Gülümsedi ve terlediğini varsaydığım ellerini kot pantolonuna sildi. Onun rahatladığını görmek bana tekrardan ne kadar iyi bir abi olduğumu hatırlatmıştı.
"Abi ben boks kulübüne gitmeye karar verdim. Hatta başladım."
Konuşurken gözleri ellerindeydi. Parmakları ile oynuyordu. Onu tekrar neşelendirmek ve güven vermek için elimi omzuna koydum ve küçük bedenini kendime çekerek sımsıkı sarıldım.
"Dinle Felix. Büyüdün. Büyüyorsun. Olgunlaştın. Seni annen ve baban büyütmedi. Çünkü annemiz ve babamız bizim çok güçlü olmamızı istediler. Onlara göre bizi böyle yetiştirmek en doğrusuydu. Ama ben bu şekilde yetişmek yerine güçsüz olmayı tercih ederdim. Bu zamana kadar annem ve babam bizi dinlememiş olabilir. Ama ben senin hep yanındayım. Eğer bir karar alıyorsan ve tereddüt ediyorsan bana sorabilirsin. Fakat annem ve babamın bize her zaman anlattıkları şey aslında kendimiz için en doğru şeyi kendimiz bildiğimizdi. Ve bu çok doğru kardeşim. Neden bunu istedin bilmiyorum ama arkandayım. Sen çok akıllı bir yetişkin olacaksın kardeşim."
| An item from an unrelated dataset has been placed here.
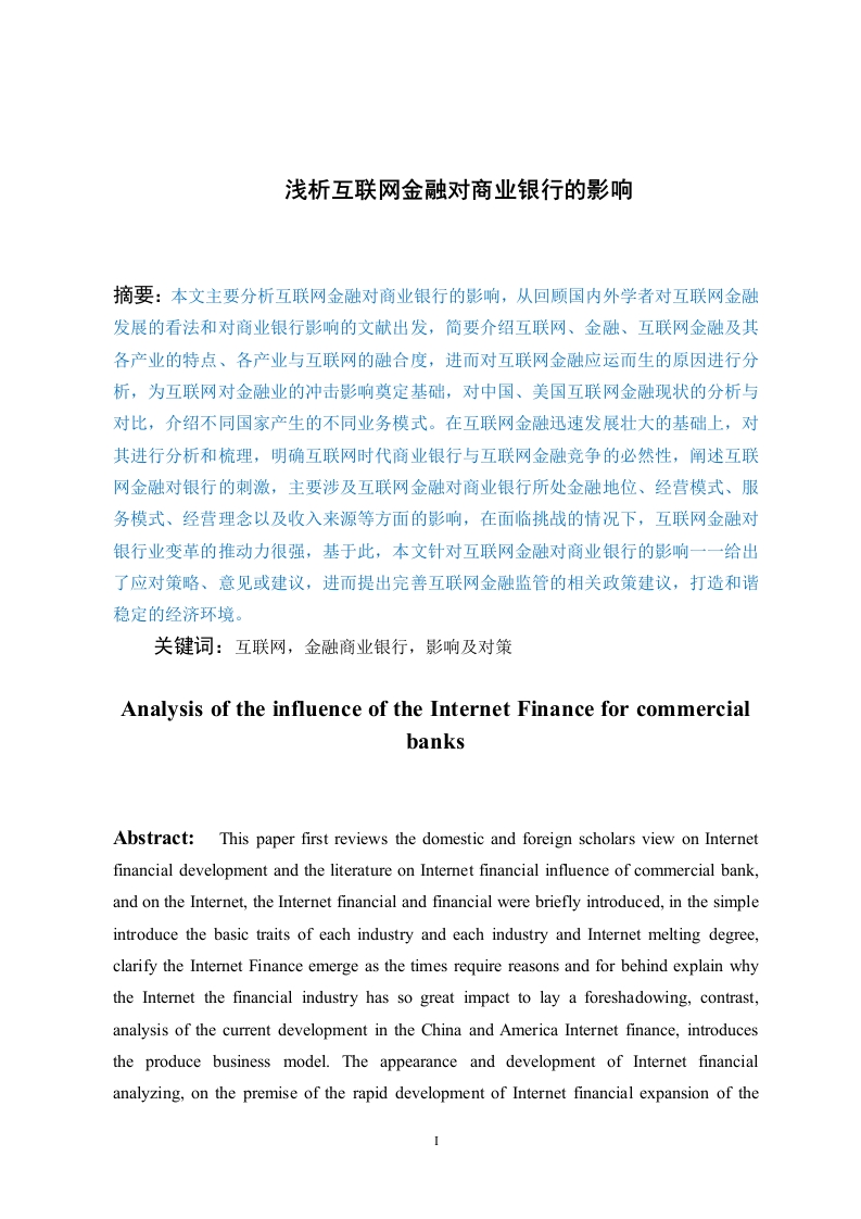 浅析互联网金融对商业银行的影响摘要:本文主要分析互联网金融对商业银行的影响,从回顾国内外学者对互联网金融发展的看法和对商业银行影响的文献出发,简要介绍互联网、金融、互联网金融及其各产业的特点、各产业与互联网的融合度,进而对互联网金融应运而生的原因进行分析,为互联网对金融业的冲击影响奠定基础,对中国、美国互联网金融现状的分析与对比,介绍不同国家产生的不同业务模式。在互联网金融迅速发展壮大的基础上,对其进行分析和梳理,明确互联网时代商业银行与互联网金融竞争的必然性,阐述互联网金融对银行的刺激,主要涉及互联网金融对商业银行所处金融地位、经营模式、服务模式、经营理念以及收入来源等方面的影响,在面临挑战的情况下,互联网金融对银行业变革的推动力很强,基于此,本文针对互联网金融对商业银行的影响一一给出了应对策略、意见或建议,进而提出完善互联网金融监管的相关政策建议,打造和谐稳定的经济环境。关键词:互联网,金融商业银行,影响及对策Analysis of the influence of the Internet Finance for commercialbanksAbstract:This paper first reviews the domestic and foreign scholars view on Internetfinancial development and the literature on Internet financial influence of commercial bank,and on the Internet,the Internet financial and financial were briefly introduced,in the simpleintroduce the basic traits of each industry and each industry and Internet melting degree,clarify the Internet Finance emerge as the times require reasons and for behind explain whythe Internet the financial industry has so great impact to lay a foreshadowing,contrast,analysis of the current development in the China and America Internet finance,introducesthe produce business model.The appearance and development of Internet financialanalyzing,on the premise of the rapid development of Internet financial expansion of thecommercial bank,points out that in the Internet age and the Internet financial company'scompetition is inevitable,to reveal the impact of Internet finance to banks,mainly involvingthe Internet financial impact on commercial banks in which the financial status,businessphilosophy,management mode the service mode,and the source of income,in thesechallenges exist in the environment,the Internet financial boost to the banking reform isvery strong,in view of this,this article in view of the Internet financial impact oncommercial banks one one gives some strategies or constructive comments,and then putforward to perfect the related policy of Internet financial supervision and management,tocreate a harmonious and stable economic environment.The level of social and economicdevelopment is the basis for the development of sports industry and the media,the mediaindustry development connotation of sports also to build the development of emergingindustries.The upcoming 2008 Beijing Olympic Games to the development of the sportsmedia industry in China is a rare opportunity,by reviewing the development of the sportsmedia industry,and the provinces of eastern China (city)for dynamic analysis andcomprehensive evaluation of the level of social and economic development of the socialstructure,economic benefit,the quality of life of the population quality,four categoriesfactors,provide a basis,experience and thinking of countermeasures can be used as areference for development of sports of our country development of the media industry.Key words:The Internet,commercial bank,influence and Countermeasures目录一、绪论二、文献综述(一)因外相关文件综述(二)因内相关文件综述…2三、互联网金融给商业银行的冲击(一)互联网金融对商业银行金融地位的冲击…3(二)互联网金融对商业银行经营理念的冲击一“鲶鱼效应”(三)互联网金融对商业银行服务模式的冲击4四、商业银行对策(一)商业银行应转变经营理念…5(二)据金大数据,进军互联网金融.5参考文献

Gülümseyerek dinliyor olsa da gözleri dolu doluydu. Dayanamayarak (benim gözümde) küçük kardeşimi kollarım arasına aldım. Başını göğsüme koyan küçüğümden derin bir iç ve burun çekme sesi gelmişti.
"Ağla diye söylemedim. Ağlama."
Ağlamaya devam edince doktorun geleceğini bildiğimden babamın hep dediği şeyi söyledim.
ŞİMDİ OKUDUĞUN
Dream Waterfall | MinSung
FanfictionMinho ilk defa alışverişini kendisi yapmaya karar verir. _____ Jisung ablasını kaybetmiş bir çocuktu. Minho ise koskoca bir şirketi arkadaşları Hyunjin ve Chan ile kurmuş bir ceoydu. Jisung ablasını kaybedince yalnız kalmış ve evlatlık edinilmişti...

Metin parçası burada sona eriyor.